═════ Material for the task ═════

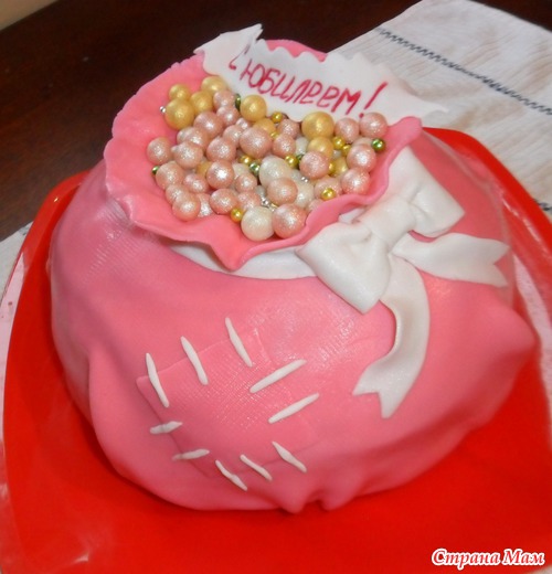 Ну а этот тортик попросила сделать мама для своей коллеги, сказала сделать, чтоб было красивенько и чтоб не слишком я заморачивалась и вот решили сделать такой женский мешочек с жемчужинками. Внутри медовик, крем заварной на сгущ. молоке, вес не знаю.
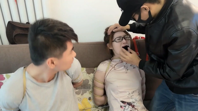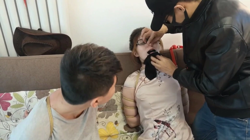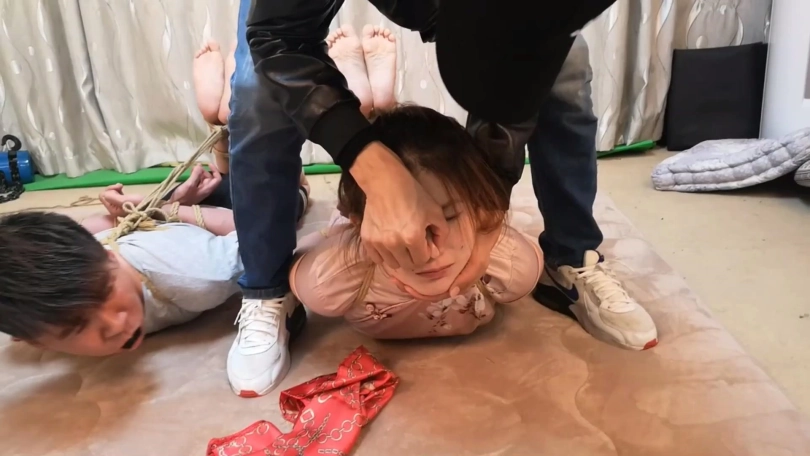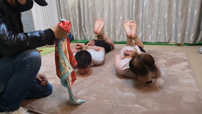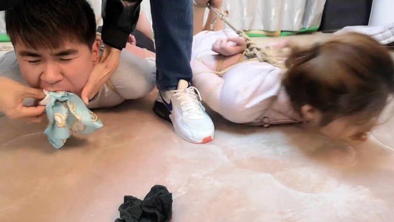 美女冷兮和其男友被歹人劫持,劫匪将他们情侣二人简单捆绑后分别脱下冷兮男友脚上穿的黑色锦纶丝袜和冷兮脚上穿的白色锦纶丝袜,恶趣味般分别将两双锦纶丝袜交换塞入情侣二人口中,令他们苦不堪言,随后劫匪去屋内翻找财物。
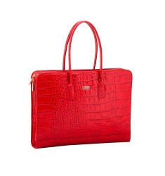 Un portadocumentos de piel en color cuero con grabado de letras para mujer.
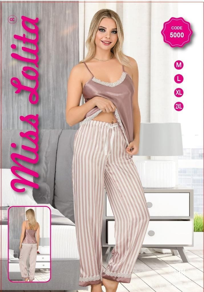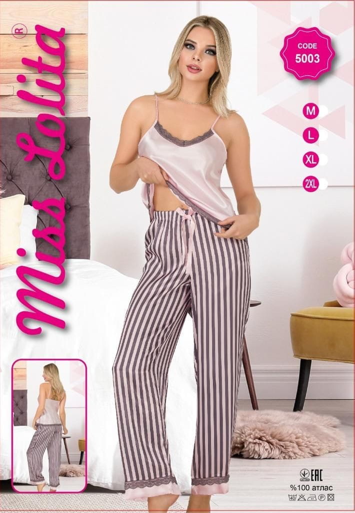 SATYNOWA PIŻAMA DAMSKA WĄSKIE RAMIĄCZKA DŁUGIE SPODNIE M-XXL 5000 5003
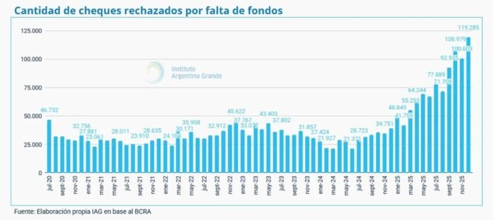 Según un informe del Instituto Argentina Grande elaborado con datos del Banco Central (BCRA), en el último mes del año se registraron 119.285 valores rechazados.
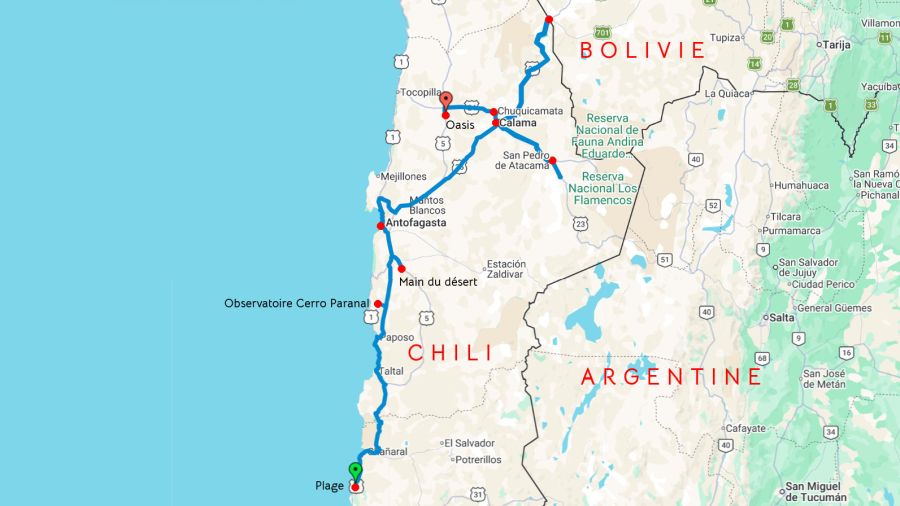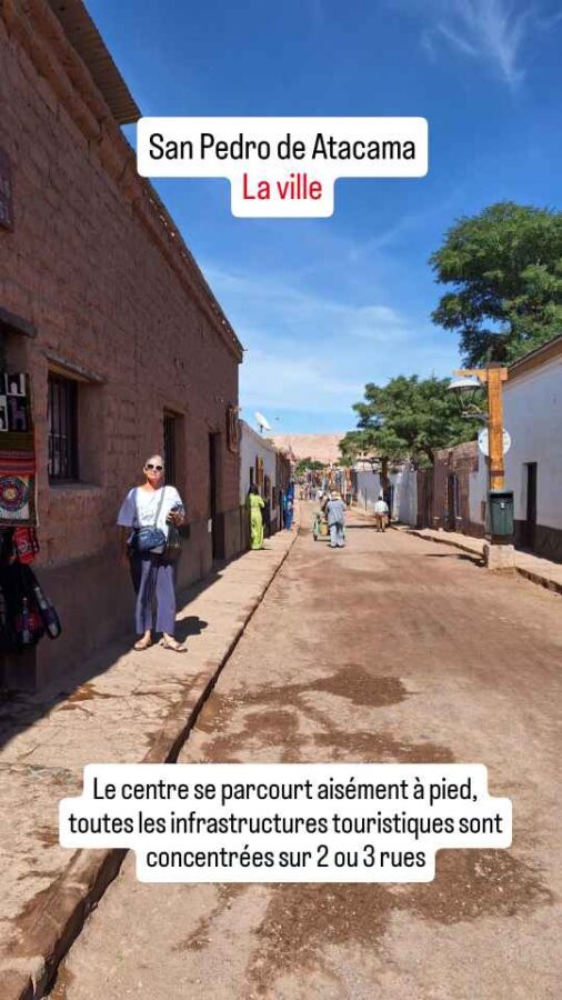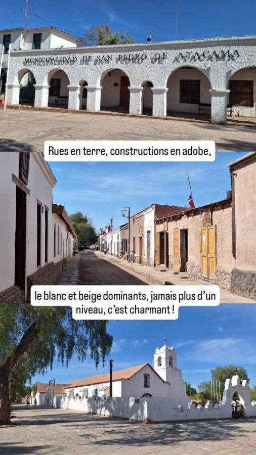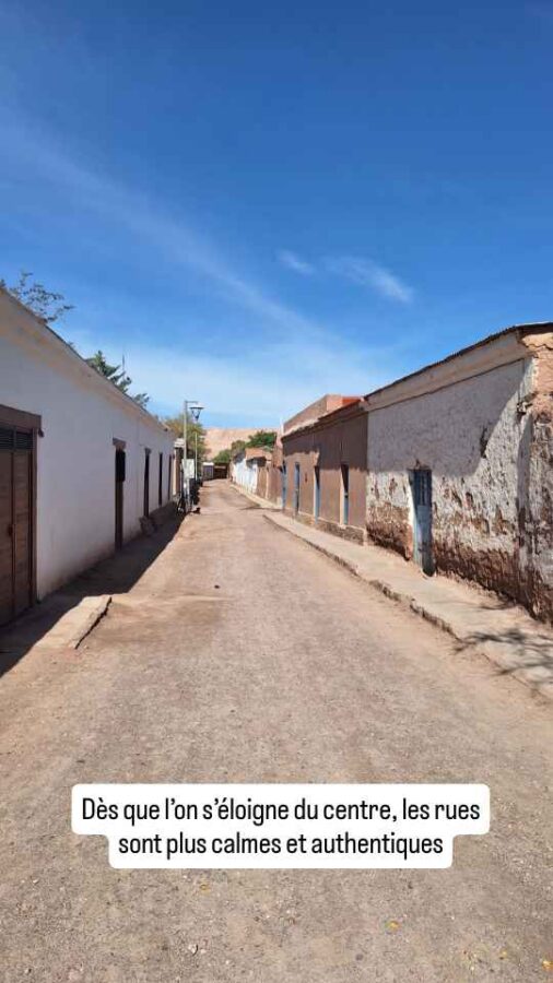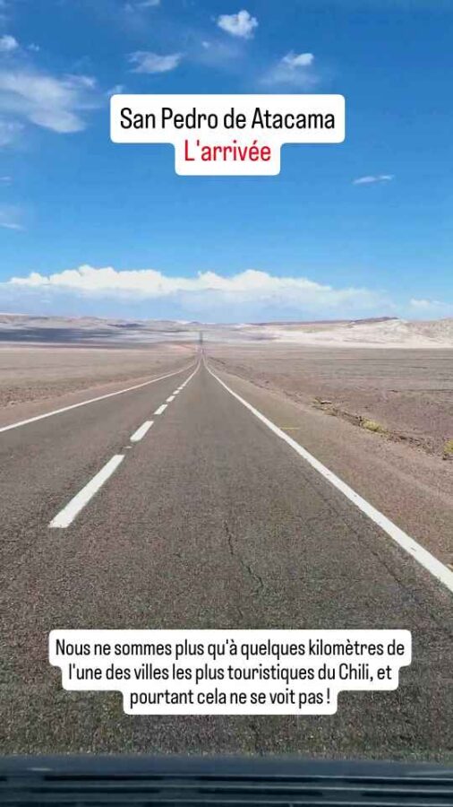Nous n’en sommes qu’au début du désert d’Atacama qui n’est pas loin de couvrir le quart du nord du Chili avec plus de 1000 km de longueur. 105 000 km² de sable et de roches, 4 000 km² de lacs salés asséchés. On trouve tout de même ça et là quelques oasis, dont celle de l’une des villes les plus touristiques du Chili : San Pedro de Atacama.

═════

Please set down exactly the lines from the one holding "Un portadocumentos de" through the last line of the entries, both ends included, and skip pictures.

Answer for the task.
 Un portadocumentos de piel en color cuero con grabado de letras para mujer.
 SATYNOWA PIŻAMA DAMSKA WĄSKIE RAMIĄCZKA DŁUGIE SPODNIE M-XXL 5000 5003
 Según un informe del Instituto Argentina Grande elaborado con datos del Banco Central (BCRA), en el último mes del año se registraron 119.285 valores rechazados.
Nous n’en sommes qu’au début du désert d’Atacama qui n’est pas loin de couvrir le quart du nord du Chili avec plus de 1000 km de longueur. 105 000 km² de sable et de roches, 4 000 km² de lacs salés asséchés. On trouve tout de même ça et là quelques oasis, dont celle de l’une des villes les plus touristiques du Chili : San Pedro de Atacama.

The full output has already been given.